Write all the other maxterms that don’t correspond to those numbers. For example, if $F(A,B,C)$ has minterms $m(0, 3, 4)$ , write $M(1, 2, 5, 6, 7)$ .
Now you have an expression equal to $F(A, B, C)$ but written with maxterms instead of minterms.

Dually for maxterm -> minterm expansions.

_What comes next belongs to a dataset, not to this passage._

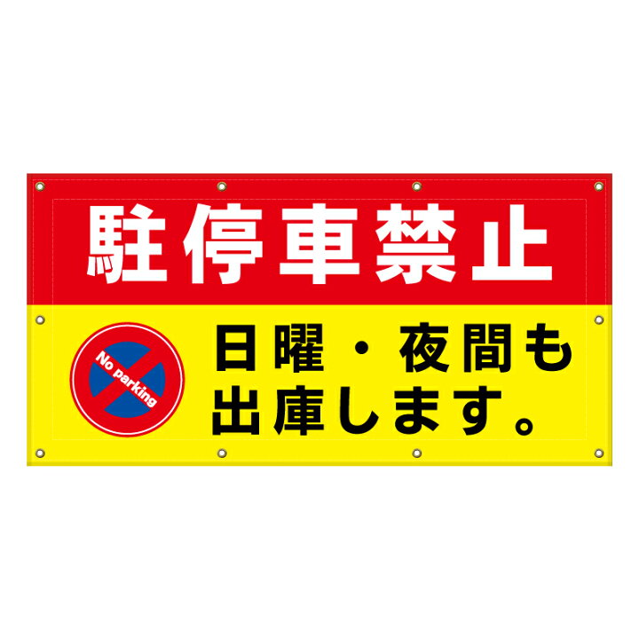 楽天市場駐停車禁止 日曜 夜間も出庫 看板 ※デザイン528番横断幕 ターポリン看板 ターポリン バナー 幕 ショッピングモール 商業施設スーパー 病院 施設 ホテル コンビニ 案内看板 表示 マンション 屋外 ガレージ フェンス 防水 : 京都の老舗看板屋株式会社ラウディ。
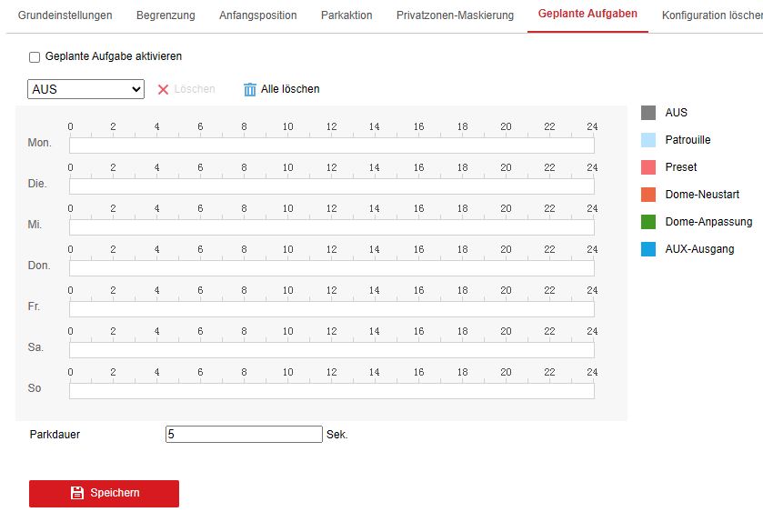 • In den PTZ-Einstellungen ist "Park Aktion" nicht aktiviert, "geplante Aufgaben" nicht aktiviert

Minimal sum-of-products/product-of-sums

Just because an expression is in SOP/POS form doesn’t mean it’s as simple as possible. For example, it’s possible to simplify $(ABC)+(A'BC)$ to just $BC$ because the value of A doesn’t matter (unity).

Sidenote: Why bother?

In electrical circuits, it’s easy to negate inputs.
It’s also easy to build OR gates and it’s not too difficult to build AND gates.
“Sum of products form” corresponds to a handful of AND gates (one per minterm) and a big OR gate at the end. “Product of sums form” corresponds to handful of OR gates (one per maxterm) and a big AND gate at the end.
Every Boolean expression can be written as sums-of-products or products-of-sums where the only negations you need are in the inputs. Thus, it’s possible to realize any Boolean function with these tools.
Simplifying the expression first means you need fewer gates, which will be more efficient!